- _How to complete this task_
Look for the line containing "วัดใจ 100 วัดสร้าง" and the line containing "A polo bege" in the entries below. Copy those two and all lines between them exactly, leaving out pictures.

- _Dataset records_
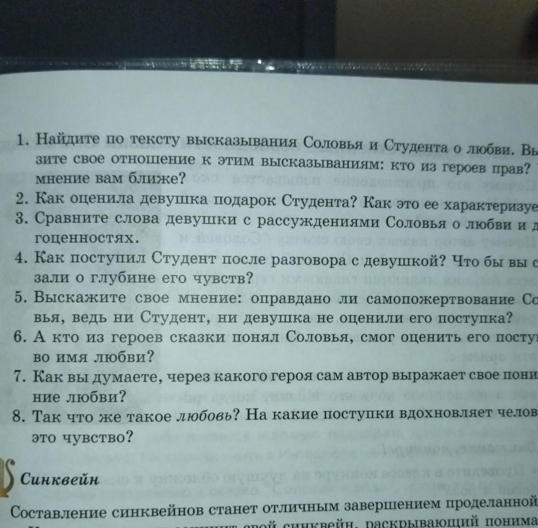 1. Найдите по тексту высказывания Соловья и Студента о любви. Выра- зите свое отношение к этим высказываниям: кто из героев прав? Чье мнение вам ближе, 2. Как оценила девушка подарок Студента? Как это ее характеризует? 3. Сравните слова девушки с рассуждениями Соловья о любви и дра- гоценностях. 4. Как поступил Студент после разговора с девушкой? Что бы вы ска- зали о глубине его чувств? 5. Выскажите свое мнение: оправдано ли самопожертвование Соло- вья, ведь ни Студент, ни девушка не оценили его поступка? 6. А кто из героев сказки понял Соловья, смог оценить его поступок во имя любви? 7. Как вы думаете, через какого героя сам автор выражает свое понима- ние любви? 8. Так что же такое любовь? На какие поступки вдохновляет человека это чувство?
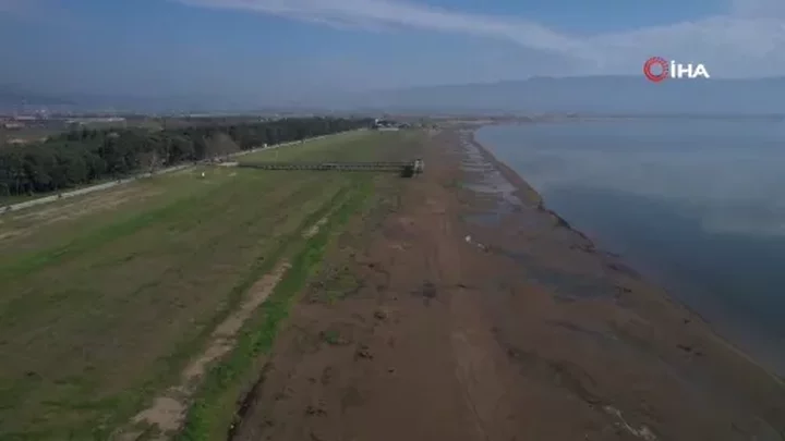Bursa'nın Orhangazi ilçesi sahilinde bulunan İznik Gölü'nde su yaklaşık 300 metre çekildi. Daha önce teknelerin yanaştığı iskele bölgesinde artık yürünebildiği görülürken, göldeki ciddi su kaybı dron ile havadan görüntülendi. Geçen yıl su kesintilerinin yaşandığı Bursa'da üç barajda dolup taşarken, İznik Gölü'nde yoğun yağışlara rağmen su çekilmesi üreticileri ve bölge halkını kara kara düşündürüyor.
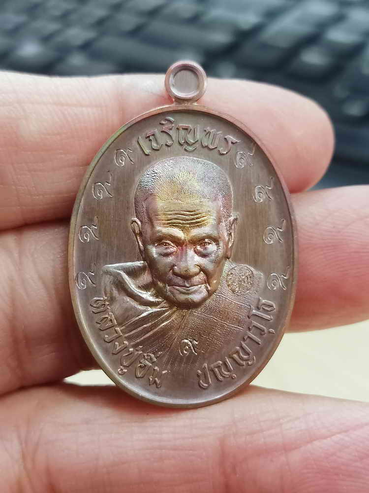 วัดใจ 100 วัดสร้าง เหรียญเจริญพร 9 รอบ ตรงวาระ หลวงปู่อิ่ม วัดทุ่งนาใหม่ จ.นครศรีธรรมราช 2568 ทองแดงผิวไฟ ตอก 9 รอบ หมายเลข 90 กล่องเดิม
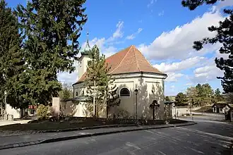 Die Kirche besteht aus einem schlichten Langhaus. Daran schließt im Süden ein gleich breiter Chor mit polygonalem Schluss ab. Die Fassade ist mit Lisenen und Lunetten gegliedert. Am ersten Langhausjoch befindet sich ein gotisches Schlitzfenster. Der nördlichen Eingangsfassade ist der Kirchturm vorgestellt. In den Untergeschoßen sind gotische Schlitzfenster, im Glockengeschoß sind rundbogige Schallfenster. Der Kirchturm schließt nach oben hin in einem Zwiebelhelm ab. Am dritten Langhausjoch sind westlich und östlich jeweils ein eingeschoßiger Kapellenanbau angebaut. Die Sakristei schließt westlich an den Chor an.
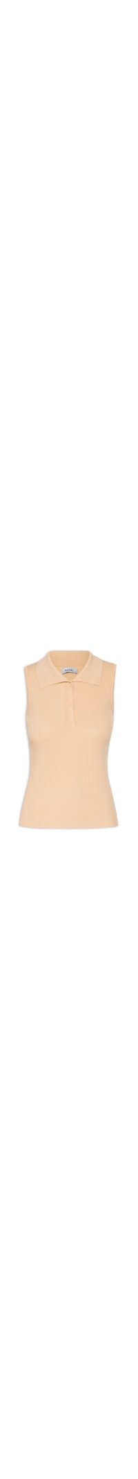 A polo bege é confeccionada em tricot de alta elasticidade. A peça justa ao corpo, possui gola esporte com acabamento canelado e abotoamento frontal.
* * *
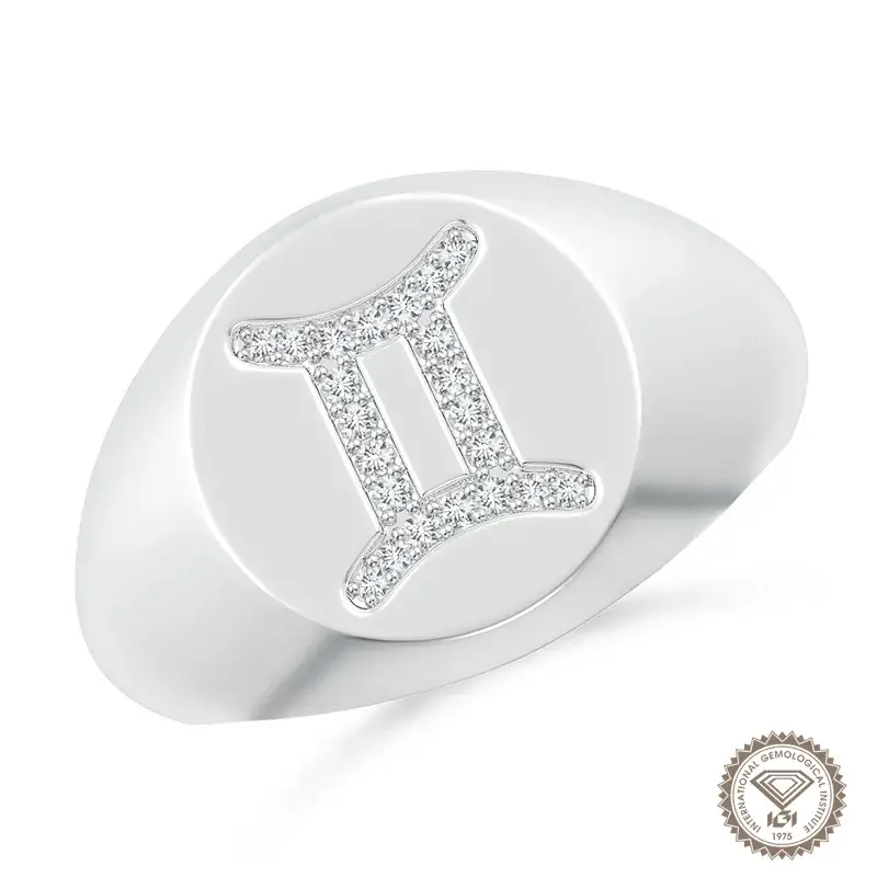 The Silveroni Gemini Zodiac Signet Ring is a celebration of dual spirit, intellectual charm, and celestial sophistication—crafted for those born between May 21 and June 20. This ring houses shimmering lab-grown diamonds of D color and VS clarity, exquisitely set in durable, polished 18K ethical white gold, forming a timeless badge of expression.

- _Exercise solution_
 วัดใจ 100 วัดสร้าง เหรียญเจริญพร 9 รอบ ตรงวาระ หลวงปู่อิ่ม วัดทุ่งนาใหม่ จ.นครศรีธรรมราช 2568 ทองแดงผิวไฟ ตอก 9 รอบ หมายเลข 90 กล่องเดิม
 Die Kirche besteht aus einem schlichten Langhaus. Daran schließt im Süden ein gleich breiter Chor mit polygonalem Schluss ab. Die Fassade ist mit Lisenen und Lunetten gegliedert. Am ersten Langhausjoch befindet sich ein gotisches Schlitzfenster. Der nördlichen Eingangsfassade ist der Kirchturm vorgestellt. In den Untergeschoßen sind gotische Schlitzfenster, im Glockengeschoß sind rundbogige Schallfenster. Der Kirchturm schließt nach oben hin in einem Zwiebelhelm ab. Am dritten Langhausjoch sind westlich und östlich jeweils ein eingeschoßiger Kapellenanbau angebaut. Die Sakristei schließt westlich an den Chor an.
 A polo bege é confeccionada em tricot de alta elasticidade. A peça justa ao corpo, possui gola esporte com acabamento canelado e abotoamento frontal.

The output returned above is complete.